*Requirement:* The response should contain all of the records, copied exactly, and none of the images.

[Extracted data entries]
◇ ◇ ◇
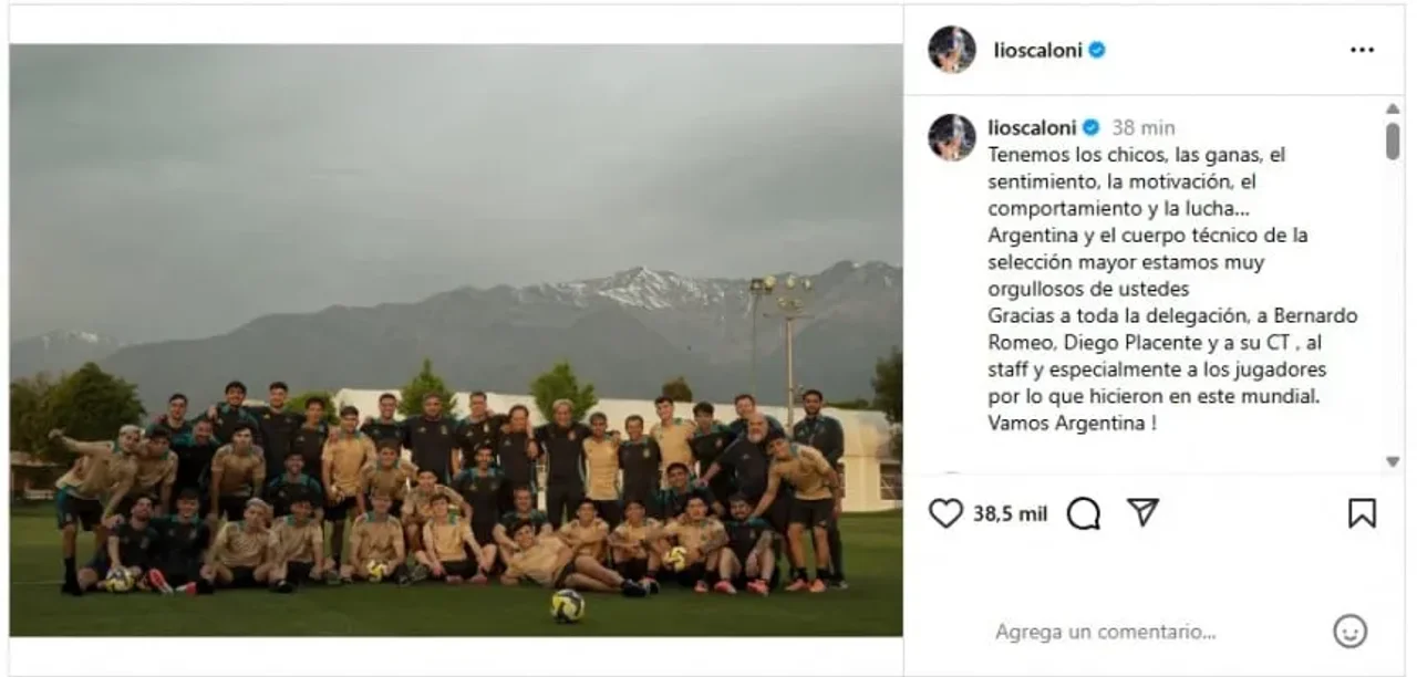 “Gracias a toda la delegación, a Bernardo Romeo, Diego Placente y a su cuerpo técnico, al staff y especialmente a los jugadores por lo que hicieron en este Mundial. ¡Vamos Argentina!” añadió quién, además de ser el entrenador de la Selección argentina campeona del mundo en Qatar 2022, conquistó el Mundial juvenil en 1997 en Malasia.
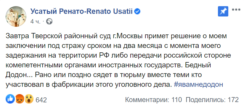 «Завтра, Тверской районный суд г.Москвы примет решение о моем заключении под стражу сроком на два месяца с момента моего задержания на территории РФ либо передачи российской стороне компетентными органами иностранных государств. Бедный Додон…
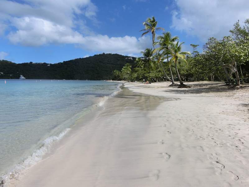 als Landausflug anläßlich einer Kreuzfahrt in Charlotte Amalie wählten wir Megans Bay - und waren etwas enttäuscht. Zwar war das Meer schön blau und der Strand schön hell, aber insgesamt wirkte alles etwas ungepflegt und vernachlässigt. Da drei Kreuzfahrtschiffe gleichzeitig im Hafen angelegt hatten, lag man am Strand fast übereinander. Während der Fahrt zum Strand hatte man einen tollen Blick auf die Schiffe im Hafen. - Unsere Tischnachbarn, die später erzählten, sie wären in die entgegengesetzte Richtung gefahren, hatten einen tollen Strand, an dem kaum etwas los war.
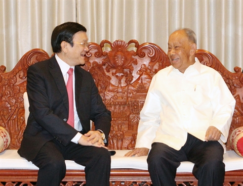 | Le président de la République, Truong Tân Sang (gauche), et Khamtay Siphandone, ancien président du Parti populaire révolutionnaire (PPRL) et ancien président du Laos, le 24 mars. |
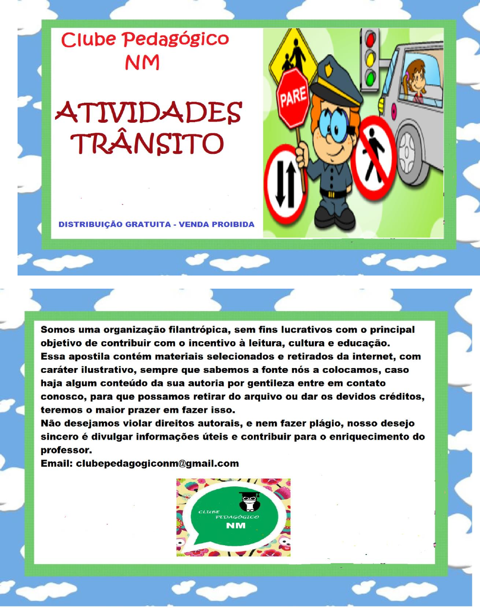 CLUBE PEDAGÓGICO NM TRÂNSITO – Atividades e idéias PINTE A CENA CORRETA: CIRCULE O QUE ESTA ERRADO: PINTE A CENA CORRETA: PINTE OS PONTINHOS E VEJAM O QUE DESCOBREM: Atividade de Educação de trânsito 1) Complete com certo (C) ou errado (E) as questões abaixo, de acordo com as regras de trânsito: ( ) Sempre olho para os dois lado antes de atravessar a rua. ( ) Minha irmã sempre “fura” o sinal vermelho. ( ) Eu e meus amigos jogamos futebol na rua. ( ) Quando saímos de carro a mamãe diz para todos colocarem o cinto de segurança. ( ) a faixa contínua pintada no chão da estrada, significa que não se pode ultrapassar. 2) Por que desrespeitar as leis e sinais de trânsito é crime? ______________________________________________________________________________ ______________________________________________________________________________ ______________________________________________________________________________ ______________________________________________________________________________ ______________________________________________________________________________ ______________________________________________________________________________ 3) Anualmente no Brasil cerca de 50.000 pessoas morrem em acidentes de trânsito. Em sua opinião, porque isso acontece? ______________________________________________________________________________ ______________________________________________________________________________ ______________________________________________________________________________ ______________________________________________________________________________ ______________________________________________________________________________ ______________________________________________________________________________ 4) Encontre palavras relacionadas ao trânsito. MONTAR CENA TRÂNSITO BINGO JOGO DA MEMÓRIA GRÁFICO MEIO DE TRANSPORTE QUE VÃO A ESCOLA
◇ ◇ ◇
*Answer to the problem:*
 “Gracias a toda la delegación, a Bernardo Romeo, Diego Placente y a su cuerpo técnico, al staff y especialmente a los jugadores por lo que hicieron en este Mundial. ¡Vamos Argentina!” añadió quién, además de ser el entrenador de la Selección argentina campeona del mundo en Qatar 2022, conquistó el Mundial juvenil en 1997 en Malasia.
 «Завтра, Тверской районный суд г.Москвы примет решение о моем заключении под стражу сроком на два месяца с момента моего задержания на территории РФ либо передачи российской стороне компетентными органами иностранных государств. Бедный Додон…
 als Landausflug anläßlich einer Kreuzfahrt in Charlotte Amalie wählten wir Megans Bay - und waren etwas enttäuscht. Zwar war das Meer schön blau und der Strand schön hell, aber insgesamt wirkte alles etwas ungepflegt und vernachlässigt. Da drei Kreuzfahrtschiffe gleichzeitig im Hafen angelegt hatten, lag man am Strand fast übereinander. Während der Fahrt zum Strand hatte man einen tollen Blick auf die Schiffe im Hafen. - Unsere Tischnachbarn, die später erzählten, sie wären in die entgegengesetzte Richtung gefahren, hatten einen tollen Strand, an dem kaum etwas los war.
 | Le président de la République, Truong Tân Sang (gauche), et Khamtay Siphandone, ancien président du Parti populaire révolutionnaire (PPRL) et ancien président du Laos, le 24 mars. |
 CLUBE PEDAGÓGICO NM TRÂNSITO – Atividades e idéias PINTE A CENA CORRETA: CIRCULE O QUE ESTA ERRADO: PINTE A CENA CORRETA: PINTE OS PONTINHOS E VEJAM O QUE DESCOBREM: Atividade de Educação de trânsito 1) Complete com certo (C) ou errado (E) as questões abaixo, de acordo com as regras de trânsito: ( ) Sempre olho para os dois lado antes de atravessar a rua. ( ) Minha irmã sempre “fura” o sinal vermelho. ( ) Eu e meus amigos jogamos futebol na rua. ( ) Quando saímos de carro a mamãe diz para todos colocarem o cinto de segurança. ( ) a faixa contínua pintada no chão da estrada, significa que não se pode ultrapassar. 2) Por que desrespeitar as leis e sinais de trânsito é crime? ______________________________________________________________________________ ______________________________________________________________________________ ______________________________________________________________________________ ______________________________________________________________________________ ______________________________________________________________________________ ______________________________________________________________________________ 3) Anualmente no Brasil cerca de 50.000 pessoas morrem em acidentes de trânsito. Em sua opinião, porque isso acontece? ______________________________________________________________________________ ______________________________________________________________________________ ______________________________________________________________________________ ______________________________________________________________________________ ______________________________________________________________________________ ______________________________________________________________________________ 4) Encontre palavras relacionadas ao trânsito. MONTAR CENA TRÂNSITO BINGO JOGO DA MEMÓRIA GRÁFICO MEIO DE TRANSPORTE QUE VÃO A ESCOLA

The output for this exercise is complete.